Mortgage Rates Hit Six Month Low On Economic Dip

May 21st, 2010

As uncertain economic reports and European woes continue, mortgage rates have benefitted: mortgage rates are at levels not seen since November 2009. Economic data shows a hiccup in economic recovery, while Europe is still having problems–both supporting continued low rates for the time being. Many home owners are using mortgage refinance calculators to evaluate potential savings as mortgage rates continue their three week decline.

Mortgage Rates Drop, Refinance Applications Up

In its Weekly Mortgage Applications Survey for the week of May 14, 2010, the Mortgage Bankers Association (MBA) announced that the 30-year fixed mortgage rate at 80% loan-to-value averaged 4.83%–down from the prior week’s rate of 4.96%. Origination costs remained somewhat steady at 1.08 points versus .91 points the prior week. This is the lowest weekly average mortgage rate reported by the MBA since November 2009–and rates have since continued to decline.

The big news from the MBA was the surge of refinance applications and the sharp decline in purchase applications for the week. With an increase of 14.5% in refinance applications from the prior week, refinance applications comprised more than two-thirds (68.1%) of total applications. Purchase applications, after climbing several weeks in a row leading up to the deadline for the home buyers tax credit, dropped over 27% and the number of purchase applications was 24% lower than the same period one year ago. Regarding the drop in purchase applications, the MBA release stated, “This is the lowest Purchase Index observed in the survey since May of 1997.”

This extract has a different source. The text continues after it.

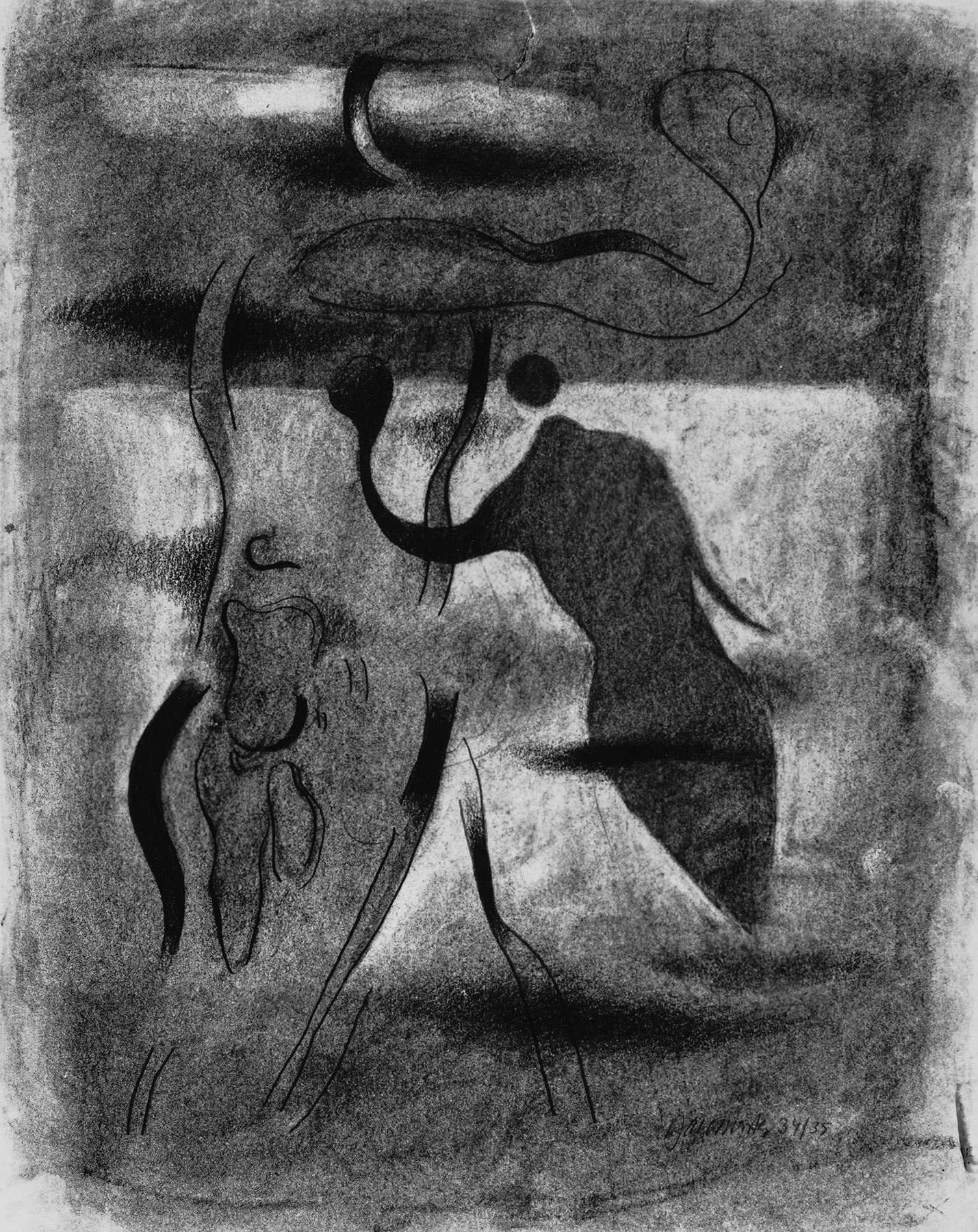 Kohle, gewischt, Bleistift, Konturen vorgeritzt (mit starken Abweichungen), fixiert, auf chamoisfarbigem, am Rand l. perforiertem Zeichenkarton

If you have been sitting on the fence wondering when to purchase a new home, now may be your time. Use a free mortgage prequalification calculator to determine what terms you need to be able to afford to purchase a home. If the number of purchase mortgage applications continues to decline, expect lenders to begin offering pricing incentives again for purchase mortgages.

U.S. Economic Recovery Dips

The US Department of Labor (DOL) Unemployment Insurance Weekly Claims Report shows that the number of Americans filing for first time unemployment insurance jumped to 474,000 claims for the week of May 15, 2010. After a slow decline of 22.5% over the last twelve months, this 6% jump in unemployment is likely only a brief anomaly–though only time will truly tell, particularly in the event of a much-rumored ‘double dip recession.’ Although ongoing decreases in the unemployment rate signal a strengthening recovery of the US economy, such improvements will eventually drive mortgage rates higher.

The DOL also reported for April 2010 that inflation indicators including the Consumer Price Index (CPI) and the Producer Price Index (PPI) both dipped slightly after a slow rise of 2.2% and 5.5% over the last twelve months, respectively. Accelerating inflation prompts higher interest rates, while lower inflation facilitates lower interest rates; this latest data suggests that mortgage rates should continue at relatively very low levels, but continue to slowly rise over time as the economy improves.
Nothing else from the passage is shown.